Ariel stepped gently down to the rim of the building’s cap and lowered him onto it. He grabbed a bar set into a recessed hole and clung on tight.
“No, don’t—” he began, but she did.
She let go of him, and there he was, sitting on top of the world, a shiny glass-and-metal world that arced away from him on all sides, curving so radically that there was nothing to see but drop-off whichever way he looked.
Ariel stepped in front of him, spun on one toe, and curtsied, as if she had just completed a virtuoso performance. She looked expectantly at him, a prima ballerina waiting for applause.

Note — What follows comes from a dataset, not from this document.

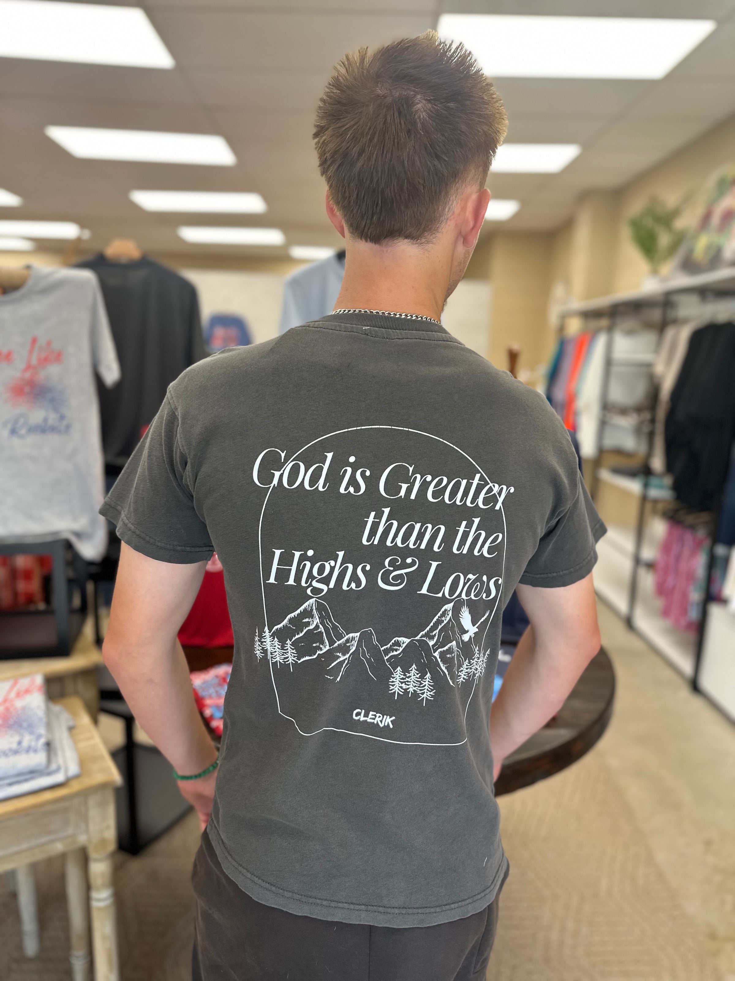 Peace isn't about the perfect day—it's about knowing who's got you through all of them. The "God is Greater than the Highs & Lows" tee features a minimalist mountain scene on our black 100% preshrunk cotton box tee, framed like a window of perspective. Simple, bold, and centered in truth.

“There’s no way I’m letting go of this bar in order to clap. It’s just not going to happen,” he explained, deciding that given his precarious position, anything other than complete frankness would be suicidal. “But you’re right. No boy could fly like that. That was amazing.”
“Amazing?”
A single golden eyebrow curved higher than its mate.
Obviously, amazing wasn’t doing it.
“Brilliant. Crazy. Superb.”
Her eyebrows regained their symmetry.
“Yes,” she said. “It was superb.”
“Yes.” He nodded, really hoping that she would take the compliment and put him back on the ground. He had a sudden horror-struck premonition of being left there, perched on the sharp end of this fantastically elongated egg shape as the night drew in and darkness covered the city. He knew if that happened, he would eventually fall asleep and slide off the curving edge and into death.
He saw with huge relief that she was smiling triumphantly. She looked off into the west and pointed.
“There is a boy who lives over there, a babyish boy in a babyish park who thinks he too can fly. Should you ever see him, I would be eternally in your debt if you could repeat what you have just so kindly said. Especially the ‘superb’ bit. He is an odious crowing coxcomb of a boy. And he flies with all the grace of a thrown turnip.”
“Thrown turnip. Gotcha,” he said, clenching on his handhold like a very determined limpet. “Could we please go down now?”
“You want to go down so soon?” She stretched languidly, her hands back to back, fingers intertwining, reaching for the sky, her toes straining on point. “But you can see everything from here.”
“I know,” he said. “Except, I can’t see Edie, and I can’t see the Gunner, and frankly”—all the frustration of being snatched up and put down and snatched up again and flown all over the city boiled over and choked him— “frankly, I’m fed up with this all. I’ve got friends in trouble, and they need help and I need help to help them, because they’re my responsibility, yeah? And all that happens is I seem to be being carried farther and farther away from any place I might find them. So please. Ariel. I have to do what has to be done, or I don’t know, burst trying or something, but I have to do it. So the flying is tip-top, okay, but what I really need to know is: can you help me or not?”
He ran out of words and stared at her. She watched her fingers make a butterfly as they descended to her sides, and then she smiled at him.
“Of course,” she said. “To help do what has to be done. That’s why I came for you.”
He didn’t know what she meant.
“I’m sorry?”
“I’m not. I told you what I was.” She flashed a grin.
“A spirit of the air?” he guessed.
“A minister of fate,” she said with a gasp of exasperation. She tugged his ankle, and he lost his grip, and the whole falling thing happened again, only this time he was ready for her to catch him, which thankfully she did.
“There’s an easier way to do this,” he choked as they angled groundward in a shallow dive.
“Ah, but you don’t get the easy way, do you, boy?” She laughed as they flew down and cut north up the street known as St. Mary Axe.
“You get the Hard Way.”
The way she said it, the way she knew it suddenly, made his stomach drop faster than any of the flying had done, and then he heard a sound that made everything much worse.
Ahead of them, somewhere in the darkness ahead, he heard a single bell tolling as if for a funeral, deep and low and solemn. And he knew with absolute certainty that it was a warning bell, and that the warning was for him.